- [Exercise]:
Copy word for word the lines in the records below, starting at the line with "Up-to-date monthly foot" and ending at the line with "18일 오후 10시 30분(한국시간)". Skip the pictures.

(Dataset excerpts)
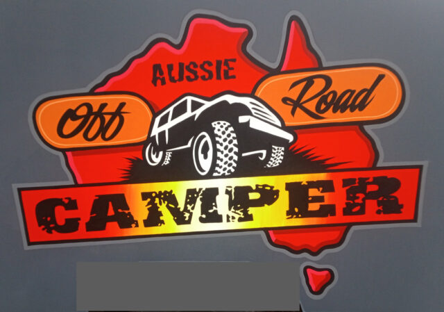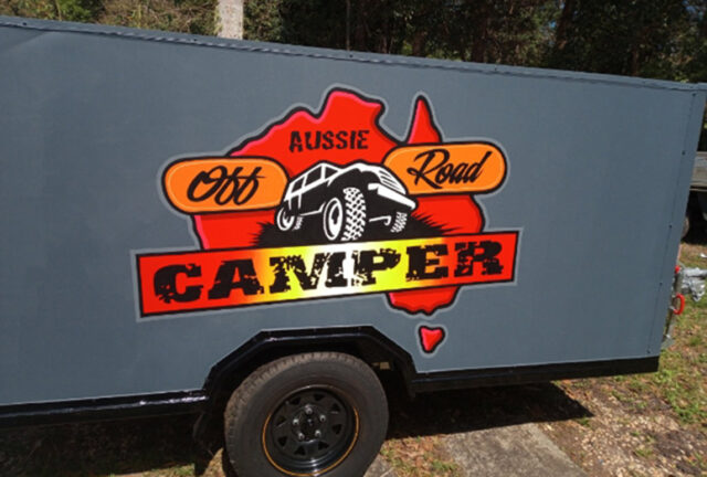 This was for a home-built camper trailer that needed an eye-catching logo design on either side. I drew the design by hand first on A4 paper, photographed it with my phone then projected it onto both sides of the trailer, which had a flat epoxy finish. After projecting the layout, I lightly scuffed the areas to be lettered with fine sandpaper. I hand painted it, first with water-based undercoat/primer then with low-sheen acrylics. It was clear-coated with two-pack automotive paint, which is paint and an activator.
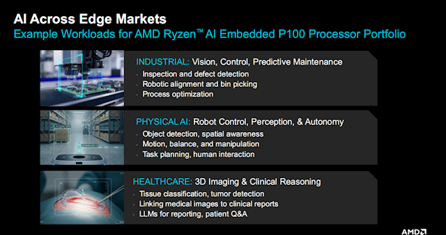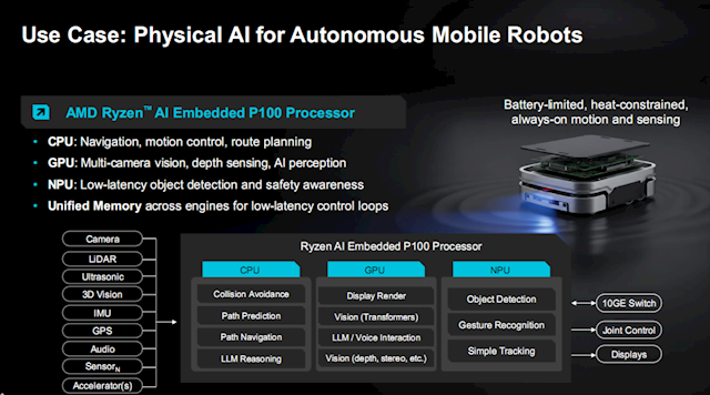 针对移动机器人,锐龙AI嵌入式P100系列可以在CPU上管理导航、运动控制与路径规划,GPU则处理多路摄像头数据,实现空间感知、视觉SLAM、视觉-语言-动作(VLA)等高级AI工作负载。
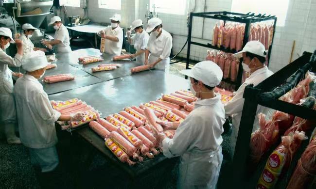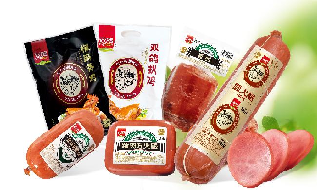 80年代,通过到全国各地考察,发现块状火腿将成为人们更加喜欢的食品,回来后马上安排技术科开始研发可以工业化生产的去骨成型的熏制类圆火腿。1986年以来,投资引进了欧洲火腿生产线,仿制和制造了滚揉机、斩拌机和提升机等。从原料肉部位的选择、嫩化、滚揉的时间控制、温度控制、灌装的成品大小、捆扎的方式及松紧、熏制用的果木选择、熏制时间等影响产品质量的因素寻找突破点,经过一年多的研究、试验,又引进了青岛厂家的技术人员对其生产工艺进行改进,对包装和捆扎方式进行改良,几经努力,1986年以双鸽圆火腿为代表的熟肉制品一经推向市场,1987年即获得原商业部优质产品称号。双鸽圆火腿陆续荣获中国香港国际博览会金奖产品、亚太博览会金奖。
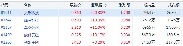 2月4日消息,部分区块链概念股走高,火币科技涨20%,雄岸科技涨19%,美图涨11%,欧科云链涨10%。
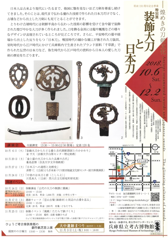 このページは兵庫県立 考古博物館の秋季特別展「装飾大刀と日本刀-煌めきの刀剣文化-」に関するページです。
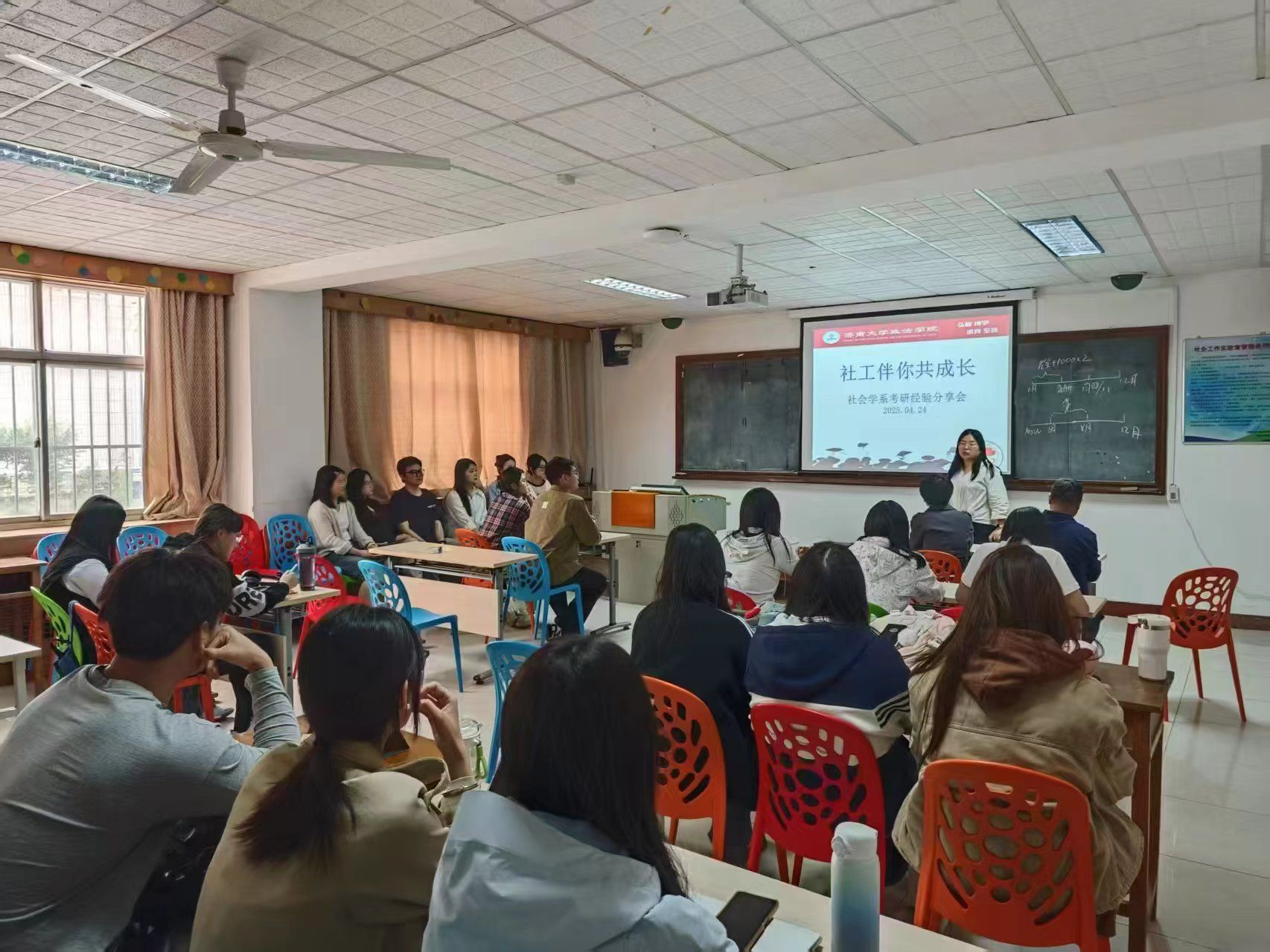 社会学系、系党支部在第四教学楼社会工作实验室举办2025年考研经验分享会。分享会由韩钰老师、邱莉老师主持,唐斌尧老师和社会学系21级、22级、24级近30名学生参加了本次活动。
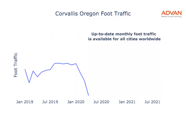 Up-to-date monthly foot traffic is available for all cities worldwide.
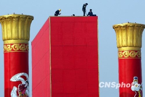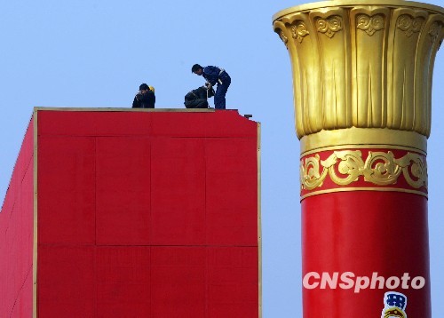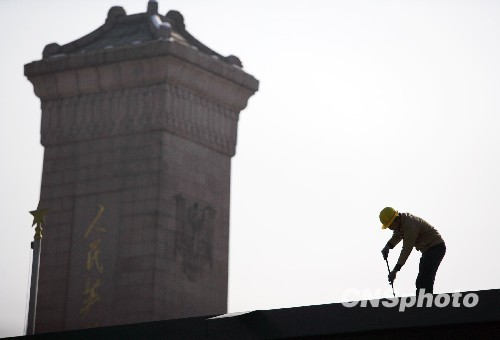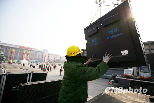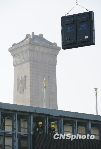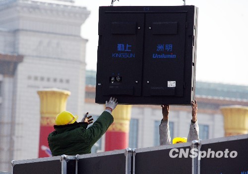 11月13日,位于天安門廣場的四塊巨型LED顯示屏開始拆除,這四塊LED顯示屏在完成建國六十周年大慶任務后走下了舞臺。據(jù)工作人員介紹,拆除工作從當日凌晨開始,全部移走要到下周一凌晨左右。中新社發(fā) 劉震 攝 轉(zhuǎn)自:http://news.cctv.com/china/200913/103984.shtml
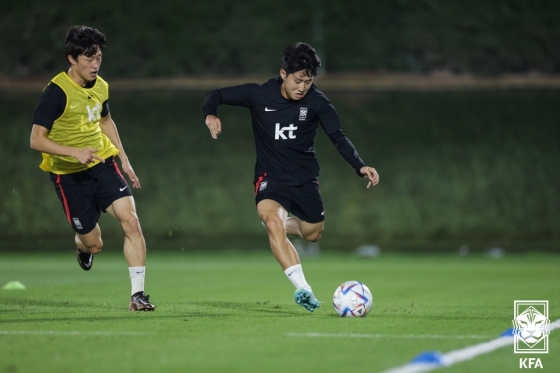 18일 오후 10시 30분(한국시간) 한국은 도하 알레글라 훈련장에서 팀 훈련을 진행했다. 5대5로 진행된 미니게임에서 형들과 볼을 주거니 받거니 특유의 간결한 볼 터치와 패싱 능력을 선보였다. 세리에A를 주름잡고 있는 괴물 수비수 김민재(나폴리)와 소통하며 호흡을 맞췄다.
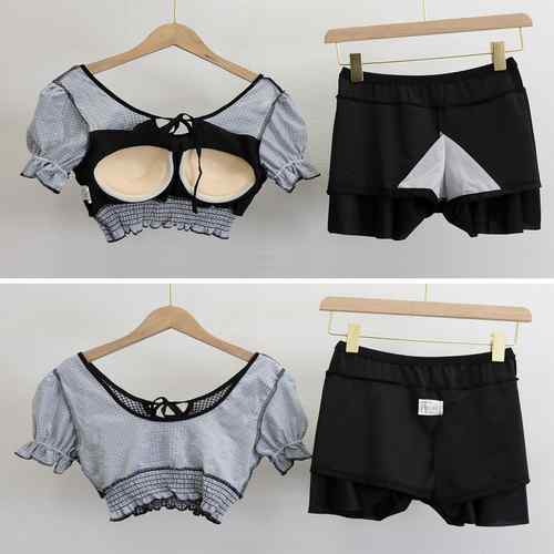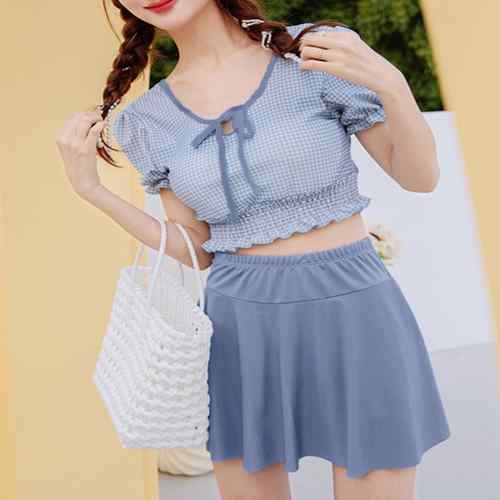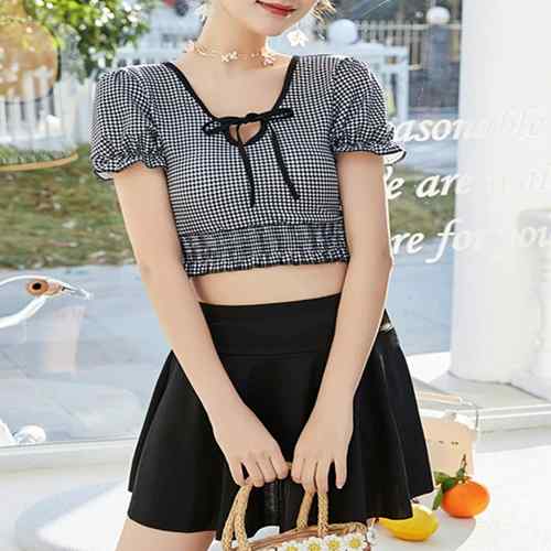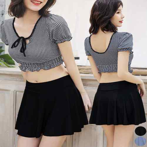 ガーリーで可愛らしいクロップド丈のチェック柄トップスとシンプルなフレアスカートの2点セットの水着
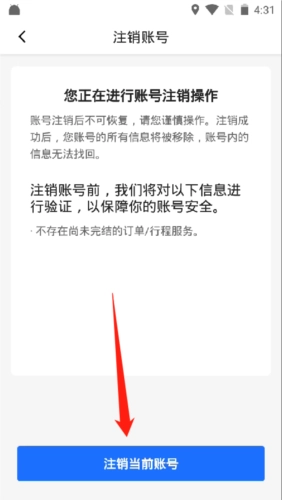 点击“注销账号”选项后,系统将呈现注销账号的相关说明。请认真阅读并确认信息准确无误后,点击页面底部的“注销当前账号”按钮。
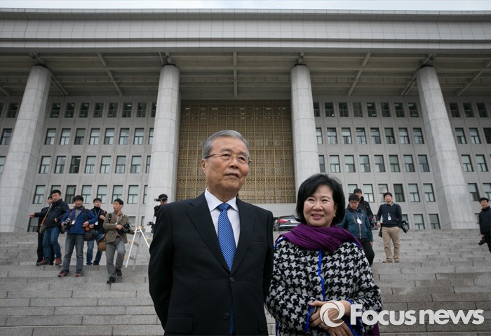 (서울=포커스뉴스) 김종인(왼쪽) 더불어민주당 비대위 대표와 손혜원 홍보위원장이 3일 오전 서울 여의도 국회 앞에서 열린 달리는 정책의자 발대식에 참석해 대화하고 있다.
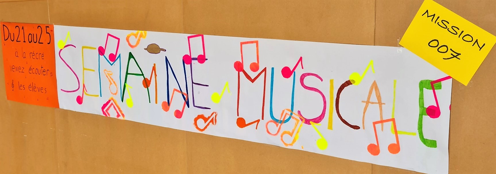 MISSION: Assis sur les gradins des escaliers extérieurs, sous la salle de travail des maîtres, écoutons les musiciens, les musiciennes de notre collège.
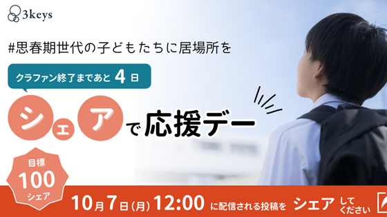 本日(10/7)12:00に3keysの公式Facebookアカウントから発信される投稿を、当日22:00までにシェアしてください。100 シェアを目指します!
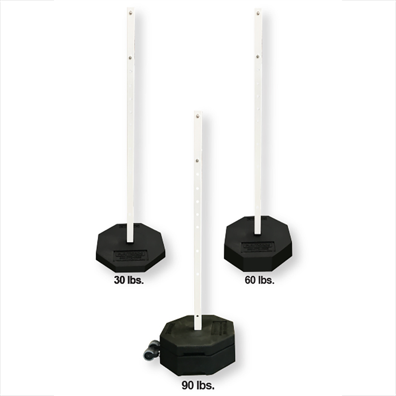 Kit option includes 60” white Power Post with base. Kit is sold with or without wheels attached to the base. Wheels cannot be added in the field. Zinc-plated mounting hardware for affixing signs to post included (signs sold separately).
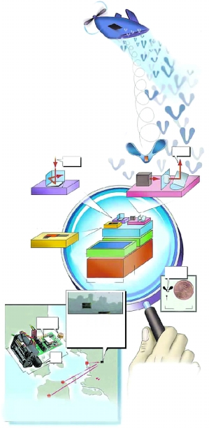 用名为“智能尘埃”的小型电子设备搜集飘在空中的信息。每个“尘埃颗粒”上都有一个传感器、电脑以及无线接收器。用轻薄芯片造出的“尘埃”一次可在空中停留数小时。
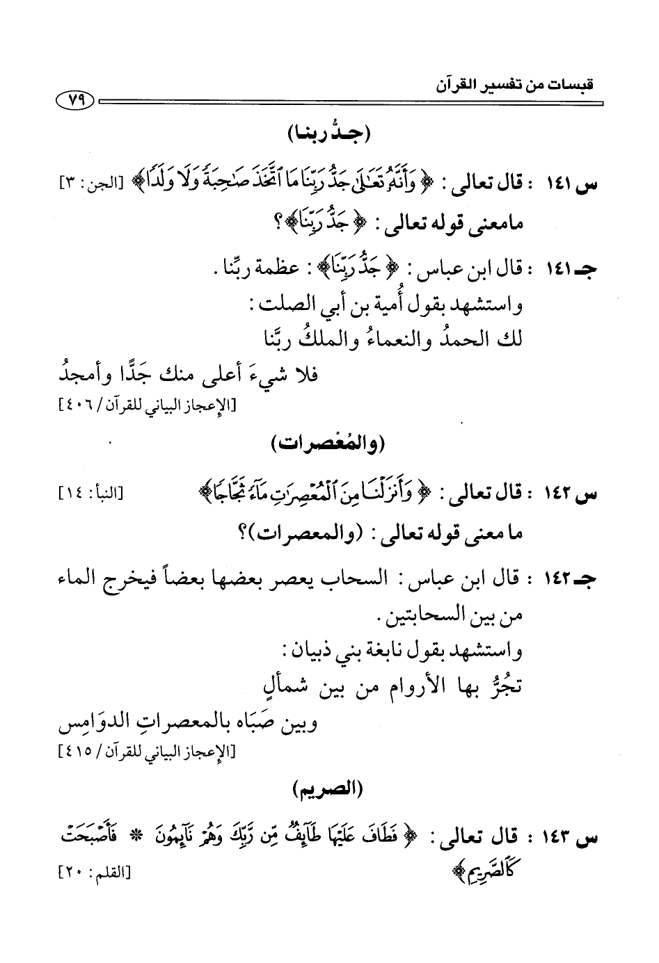 (س 141:) قال تعالى: وَأَنَّهُ تَعالى جَدُّ رَبِّنا مَا اتَّخَذَ صاحِبَةً وَلا وَلَداً [الجن: 3] ما معنى قوله تعالى: جَدُّ رَبِّنا؟

- [Completed task]:
 Up-to-date monthly foot traffic is available for all cities worldwide.
 11月13日,位于天安門廣場的四塊巨型LED顯示屏開始拆除,這四塊LED顯示屏在完成建國六十周年大慶任務后走下了舞臺。據(jù)工作人員介紹,拆除工作從當日凌晨開始,全部移走要到下周一凌晨左右。中新社發(fā) 劉震 攝 轉(zhuǎn)自:http://news.cctv.com/china/200913/103984.shtml
 18일 오후 10시 30분(한국시간) 한국은 도하 알레글라 훈련장에서 팀 훈련을 진행했다. 5대5로 진행된 미니게임에서 형들과 볼을 주거니 받거니 특유의 간결한 볼 터치와 패싱 능력을 선보였다. 세리에A를 주름잡고 있는 괴물 수비수 김민재(나폴리)와 소통하며 호흡을 맞췄다.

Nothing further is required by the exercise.